[Records contained in a dataset]
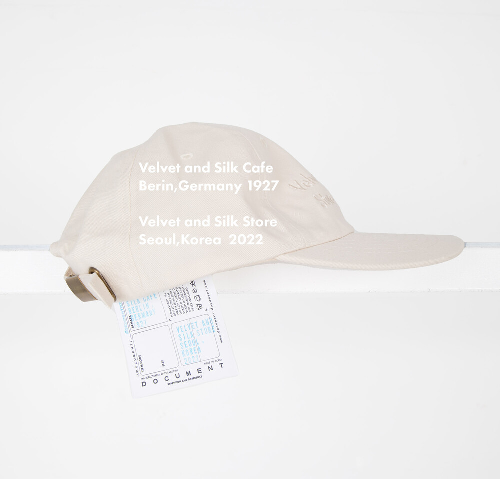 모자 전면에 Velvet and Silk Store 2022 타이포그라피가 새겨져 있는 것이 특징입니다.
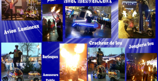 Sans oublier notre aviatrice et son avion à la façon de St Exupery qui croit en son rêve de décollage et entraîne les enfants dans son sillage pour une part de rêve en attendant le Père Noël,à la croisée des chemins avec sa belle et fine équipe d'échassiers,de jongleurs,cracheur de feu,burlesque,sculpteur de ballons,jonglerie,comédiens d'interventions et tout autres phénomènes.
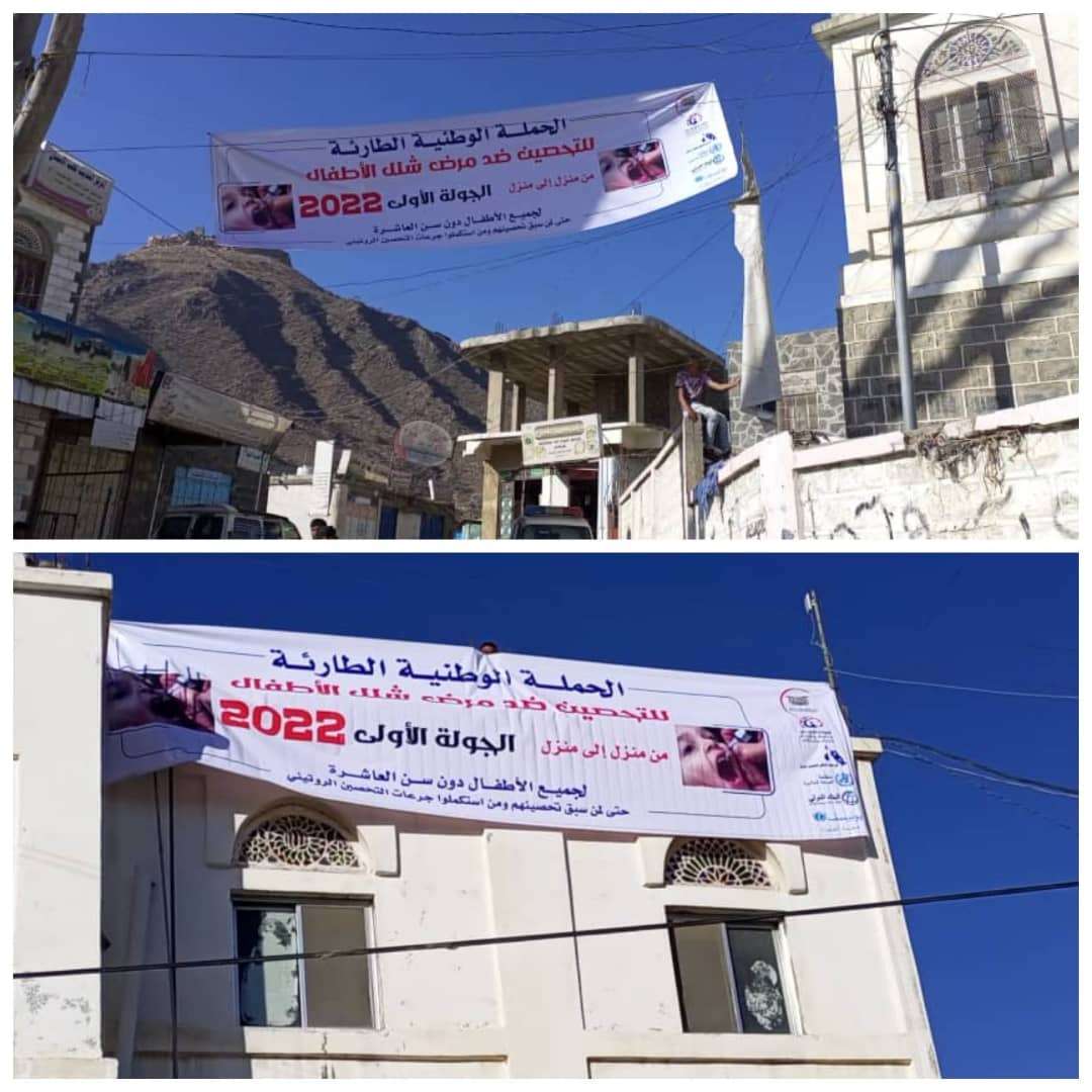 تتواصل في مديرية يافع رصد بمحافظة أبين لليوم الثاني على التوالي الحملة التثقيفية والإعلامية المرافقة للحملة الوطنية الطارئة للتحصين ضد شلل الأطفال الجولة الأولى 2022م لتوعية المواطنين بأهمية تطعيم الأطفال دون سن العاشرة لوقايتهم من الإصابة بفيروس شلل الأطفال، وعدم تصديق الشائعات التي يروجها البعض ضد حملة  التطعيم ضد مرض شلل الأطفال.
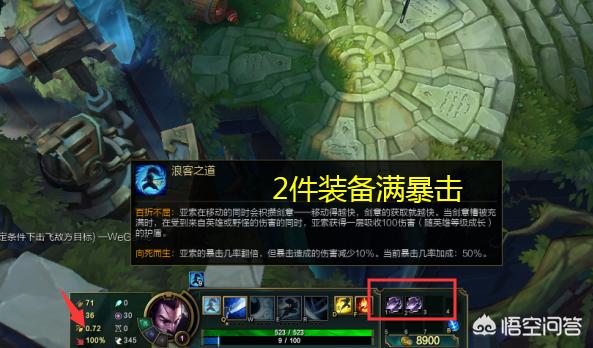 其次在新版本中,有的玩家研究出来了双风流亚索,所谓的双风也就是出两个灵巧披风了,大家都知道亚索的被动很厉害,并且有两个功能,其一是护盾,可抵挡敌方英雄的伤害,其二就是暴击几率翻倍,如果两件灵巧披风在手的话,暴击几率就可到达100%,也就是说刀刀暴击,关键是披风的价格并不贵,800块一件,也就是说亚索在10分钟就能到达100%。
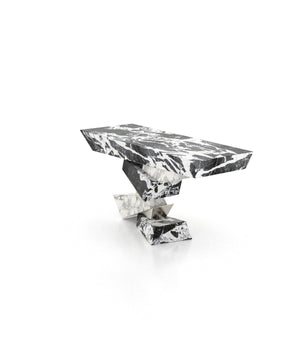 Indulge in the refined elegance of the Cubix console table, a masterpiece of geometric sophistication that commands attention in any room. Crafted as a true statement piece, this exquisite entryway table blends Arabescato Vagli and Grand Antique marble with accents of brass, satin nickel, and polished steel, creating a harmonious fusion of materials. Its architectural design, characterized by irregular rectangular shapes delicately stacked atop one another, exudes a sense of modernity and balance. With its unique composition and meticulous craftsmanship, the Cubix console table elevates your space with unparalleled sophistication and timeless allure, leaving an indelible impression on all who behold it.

» AIM OF THE TASK: Leaving pictures aside, write out each record above exactly as given.

» EXPECTED ANSWER:
 모자 전면에 Velvet and Silk Store 2022 타이포그라피가 새겨져 있는 것이 특징입니다.
 Sans oublier notre aviatrice et son avion à la façon de St Exupery qui croit en son rêve de décollage et entraîne les enfants dans son sillage pour une part de rêve en attendant le Père Noël,à la croisée des chemins avec sa belle et fine équipe d'échassiers,de jongleurs,cracheur de feu,burlesque,sculpteur de ballons,jonglerie,comédiens d'interventions et tout autres phénomènes.
 تتواصل في مديرية يافع رصد بمحافظة أبين لليوم الثاني على التوالي الحملة التثقيفية والإعلامية المرافقة للحملة الوطنية الطارئة للتحصين ضد شلل الأطفال الجولة الأولى 2022م لتوعية المواطنين بأهمية تطعيم الأطفال دون سن العاشرة لوقايتهم من الإصابة بفيروس شلل الأطفال، وعدم تصديق الشائعات التي يروجها البعض ضد حملة  التطعيم ضد مرض شلل الأطفال.
 其次在新版本中,有的玩家研究出来了双风流亚索,所谓的双风也就是出两个灵巧披风了,大家都知道亚索的被动很厉害,并且有两个功能,其一是护盾,可抵挡敌方英雄的伤害,其二就是暴击几率翻倍,如果两件灵巧披风在手的话,暴击几率就可到达100%,也就是说刀刀暴击,关键是披风的价格并不贵,800块一件,也就是说亚索在10分钟就能到达100%。
 Indulge in the refined elegance of the Cubix console table, a masterpiece of geometric sophistication that commands attention in any room. Crafted as a true statement piece, this exquisite entryway table blends Arabescato Vagli and Grand Antique marble with accents of brass, satin nickel, and polished steel, creating a harmonious fusion of materials. Its architectural design, characterized by irregular rectangular shapes delicately stacked atop one another, exudes a sense of modernity and balance. With its unique composition and meticulous craftsmanship, the Cubix console table elevates your space with unparalleled sophistication and timeless allure, leaving an indelible impression on all who behold it.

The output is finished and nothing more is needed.